Although the inhibitor may disappear after a few months, inhibitor eradication by immunosuppressive therapy (IST) is strongly recommended according to this consensus, which is based on corticosteroid alone as the first-line treatment (prednisone 1 mg/kg orally daily ×4–7 days). For a faster response rate than that achieved with steroids alone, but higher adverse event profile, corticosteroid as above can be used in association with cyclophosphamide (1–2 mg/kg orally daily or 5 mg/kg intravenous every 3–4 weeks). Finally, rituximab is not recommended as monotherapy unless another IST is contraindicated. It is administered in combination with corticosteroids at the dose of 375 mg/m2 intravenous weekly ×4. It should be noted that both hemostatic and immune therapy impose considerable risks and require close monitoring to ensure safety [59].

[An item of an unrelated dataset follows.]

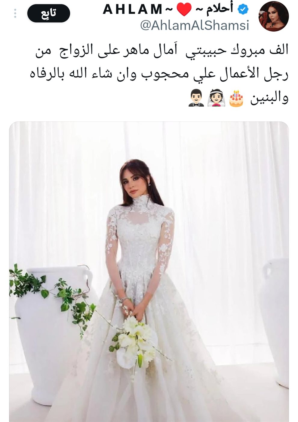 وكتب أحلام تغريدة عبر حسابها على منصة إكس: ألف مبروك حبيبتي اَمال ماهر على الزواج من رجل الأعمال علي محجوب وان شاء الله بالرفاء والبنين.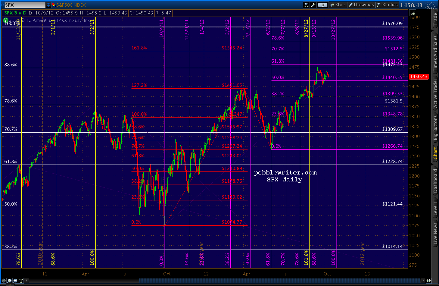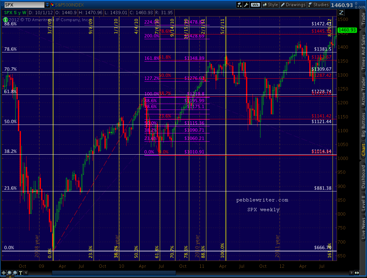 Note that upon reaching 1344 in February 2011, SPX also completed a Crab Pattern at the 1.618 (shown in purple below.) And, if we apply Fib time ratios to the move from Mar 2009 to the eventual high of May 2, 2011, we can see even more interesting coincidences. Most important interim highs and lows occurred around key Fibonacci dates.

Our patient, given rituximab, is in clinical remission that can last 6 months as reported in the literature [60-62]. Indeed, the activity of the B cells after treatment with rituximab was recovered after 6 months of the last cycle of the anti-CD20, even if lymphocyte depletion can spread over 2 years [63]. Thus, the inhibitor may reappear and another cycle of rituximab may be justified [64]. Our patient lived near the hospital and was hospitalized after the first clinical signs. He had a health insurance that allowed him easy access to care and very expensive treatment, but this is not the case for most people in Morocco, which could jeopardize their prognosis in a similar context.

Conclusions

Acquired hemophilia A is not exceptional in rheumatoid arthritis. Its evolution is unpredictable and its prognosis can be very serious. Even if its treatment is based on conventional immunosuppressants and hemostatic factors, rituximab remains a relevant alternative for simultaneously managing AH with inhibitor and RA.